Tilak Patidar created GOBBLIN-571:
-------------------------------------
Summary: JsonIntermediateToParquetGroupConverter generates wrong
parquet schema for complex types such as enums, arrays and maps
Key: GOBBLIN-571
URL: https://issues.apache.org/jira/browse/GOBBLIN-571
Project: Apache Gobblin
Issue Type: Bug
Reporter: Tilak Patidar
For complex types such as arrays, maps and enums
JsonIntermediateToParquetGroupConverter is generating wrong schema.
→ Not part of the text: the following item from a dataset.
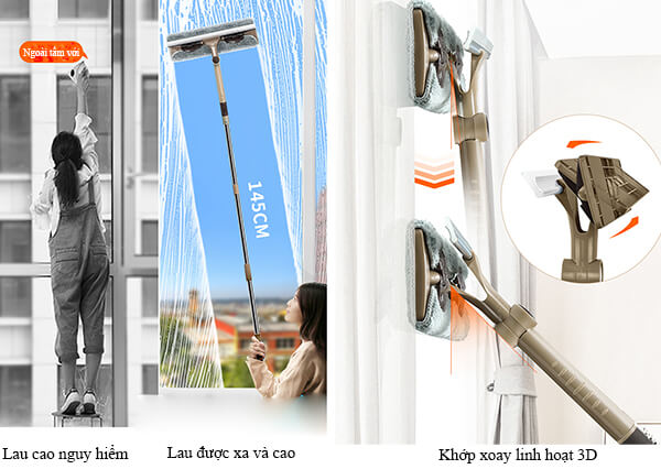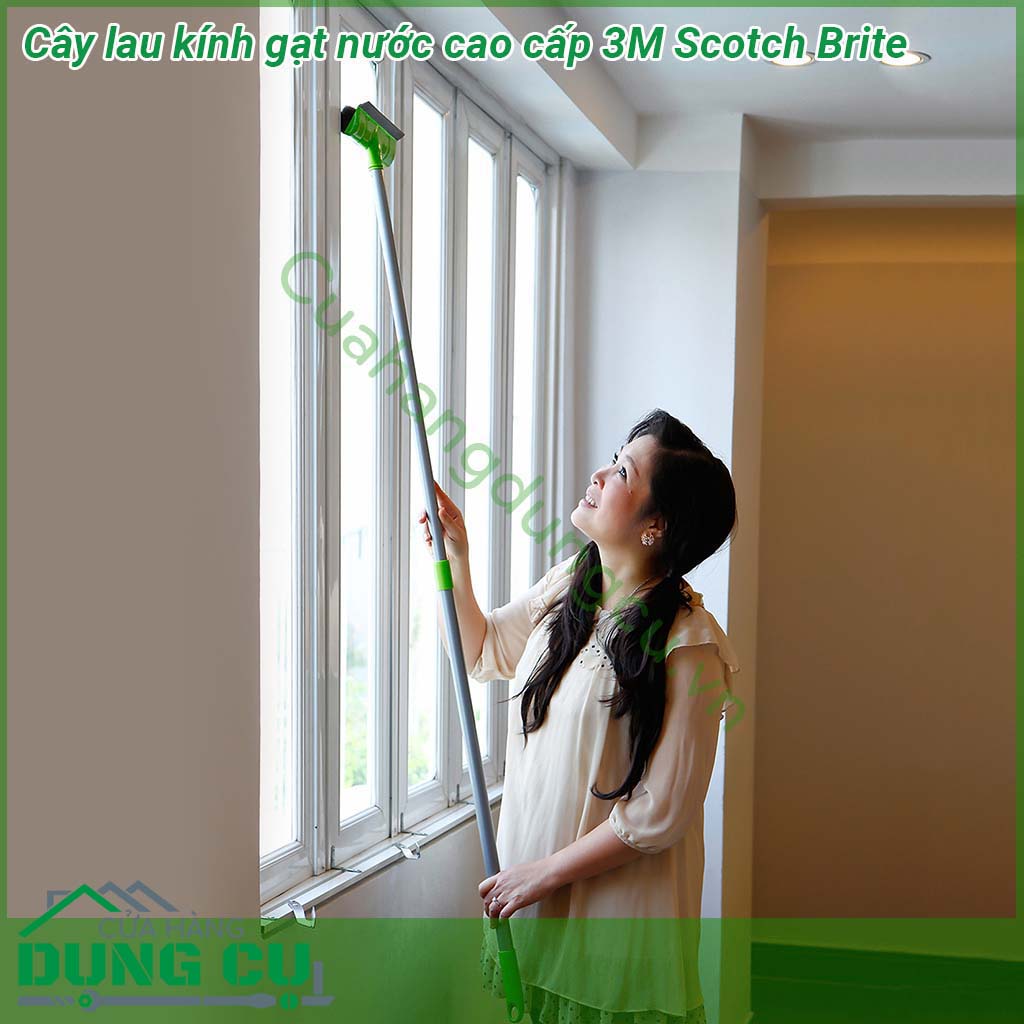 Điểm nổi bật của cây lau kính này chính là khả năng điều chỉnh độ dài từ 1,5m đến 3m, nhờ vào cây nối dài làm từ hợp kim nhôm siêu nhẹ và bền, giúp bạn dễ dàng tiếp cận những vị trí khó khăn mà không cần phải trèo cao. Với giá chỉ 35.000 đồng, nó thực sự là một lựa chọn tiết kiệm cho mọi gia đình.

For enums,
arrays and maps the OPTIONAL and REQUIRED attribute of the SchemaField is
messed up.
Due to this spark throws the following errors when reading parquet files
generated using JsonIntermediateToParquetGroupConverter
{code:java}
Caused by: parquet.io.ParquetDecodingException: Can not read value at 0 {code}
Ex of a wrong schema generated is below. Notice the field payload.action is
marked as required
{code:java}
message EventData {
optional int64 id;
optional binary type (UTF8);
required group actor {
optional int64 id;
optional binary login (UTF8);
optional binary gravatar_id (UTF8);
optional binary url (UTF8);
optional binary avatar_url (UTF8);
}
required group repo {
optional int64 id;
optional binary name (UTF8);
optional binary url (UTF8);
optional binary urlid (UTF8);
}
required group payload {
optional int64 id;
optional binary ref (UTF8);
optional binary ref_type (UTF8);
optional binary master_branch (UTF8);
optional binary description (UTF8);
optional binary pusher_type (UTF8);
optional binary before (UTF8);
required binary action (UTF8);
}
optional boolean public;
optional binary created_at (UTF8);
optional binary created_at_id (UTF8);
}
{code}
But the field payload.action which is defined in the source.schema property is
set to isNullable: true
{code:java}
[ ....
{
"columnName": "payload",
"dataType": {
"type": "record",
"name": "payloadDetails",
"values": [
....
{
"columnName": "action",
"isNullable": true,
"dataType": {
"type": "enum",
"name": "actionType",
"symbols": [
"started",
"published",
"opened",
"closed",
"created",
"reopened",
"added"
]
}
}
]
}
}....
]
{code}
--
This message was sent by Atlassian JIRA
(v7.6.3#76005)